In the image below I’m not comparing Republicans to enemies who tried deliberately to cripple us. I’m just suggesting that we should try to learn from history; and saying that assaults based on hubris, with incomplete consideration of likely consequences, can be destructive to everyone — both those who are attacking and those who are being attacked.
This is not a game, or a “major movie.” This is real life, right now. Actions have consequences. “Victories” can seem sweet. But their consequences are often quite different from what the gleeful attackers anticipated. Ask your favorite medium to summon up the shade of Pyrrhus, and ask him.

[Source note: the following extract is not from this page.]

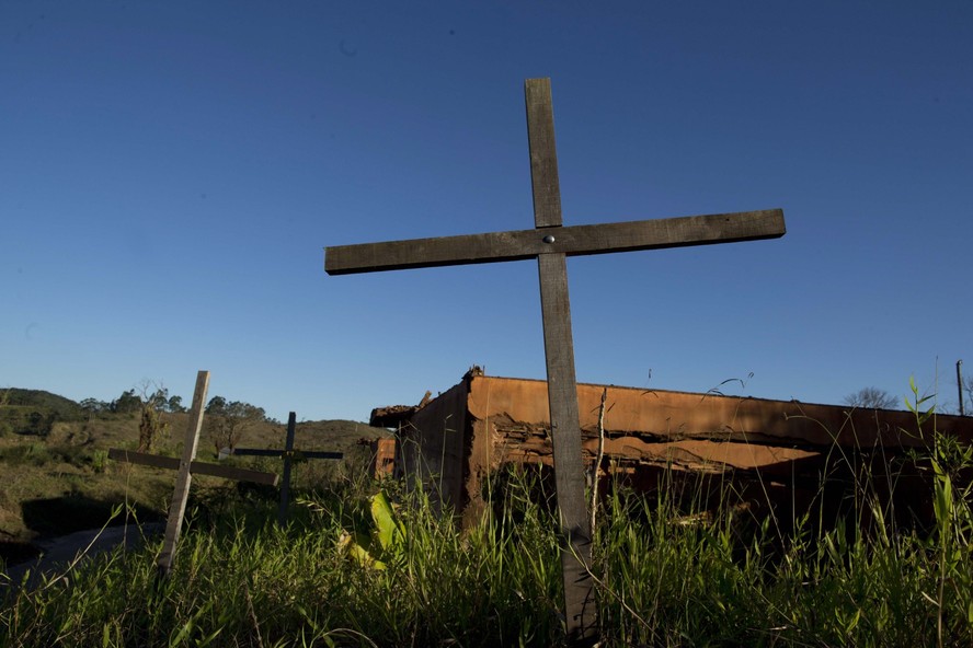 Ruínas do distrito de Bento Rodrigues,atingido pelo rompimento da barragem do Fundão,em Mariana — Foto: Márcia Foletto / Agência O Globo/ 26-05-2018

The movie Rosemary’s Baby was directed by Roman Polanski and photographed by William Fraker. Fraker tells a story about the set-up for one particular shot. The actress Ruth Gordon, one of the “bad guys,” goes into a bedroom to make a phone call. The camera “watches” from outside, framing the shot like this:

Fraker had originally set it up so that Gordon’s entire body and the phone were visible. Polanski kept moving him to the left until he got what’s shown here. Fraker thought it was a mistake, Polanski said, “Just wait.” Sure enough, at the first public showing, when this shot came up, the entire audience leaned in unison to the right. Subconsciously, they were trying to see around the corner and find out what was going on.
Later on Marcel Duchamp brought this subconscious reaction to the fore in a way no one could deny. The vehicle was his very last work, titled Étant Donés…, on which he had worked for many years. The work is a kind of sculpture/assemblage hidden behind a wooden door in a brick wall. Well, not entirely hidden. There’s a small peephole in the door. Easier to see than describe (which I mean as a complement):

On the bottom here I show two examples of visitors looking through the peephole. On the top I show a reduced opacity image of the door, superimposed on the view the visitors are seeing as they gaze through the peephole. Human beings really want to see faces. But, obviously, there is no sightline from peephole to face.
In other words, no one peering through that peephole will ever see the face! Which is fedorkingly frustrating!! … I know this from personal experience, because my wife and I visited the museum in Philadelphia and made sure we saw the Duchamp collection. (A surreal visit to the Surrealists – “surreal” because we both were suffering big-time from a 24-hour bout with gastrointestinal disruption.)
Continuing…
I totally cop to being insatiably curious. So of course I wanted to see that face! Of course I leaned to my right, just like the audience at the first showing of Rosemary’s Baby.
Politically, it’s a strength of conservatives that “they know what’s right; they know all important issues have already been settled; they know that any new issue or application of principle that might come up with have no more than two facets – the correct one and the liberal one… They need not devote any energy at all to reflecting on alternative facts or viewpoints. They need not even listen to what anyone with sufficient temerity to disagree might have to say.
Now this the strange part.
That’s a perfect description of MSNBC talking head Chris Matthews! Yeah, not conservative Joe Scarborough, but Tweety, the self-proclaimed “moderate liberal.” I’d recommend considering him in the context I provide above. The audience for Rosemary’s Baby leaned to the side because they wanted to know more about the situation than the narrow visual perspective they’d been given offered would provide. Same for the visitors to Duchamp’s Étant Donés…
And then there’s Tweety Matthews. He asks a question of a guest, and then interrupts the guest to provide his own answer. He talks incessantly, in a kind of shout. He listens rarely, if at all. He knows the answer already, so why would he bother seeking additional information, or considering alternate perspectives. He’s the opposite of what we saw in the first two instances. Here’s how I visualize it.

∞ ∞ ∞ ∞ ∞
I have lots more info I could share, but I’ll save it. A sample? Don’t forget that Matthews is a Philadelphia guy. You know? The city whose museum houses Duchamp’s work.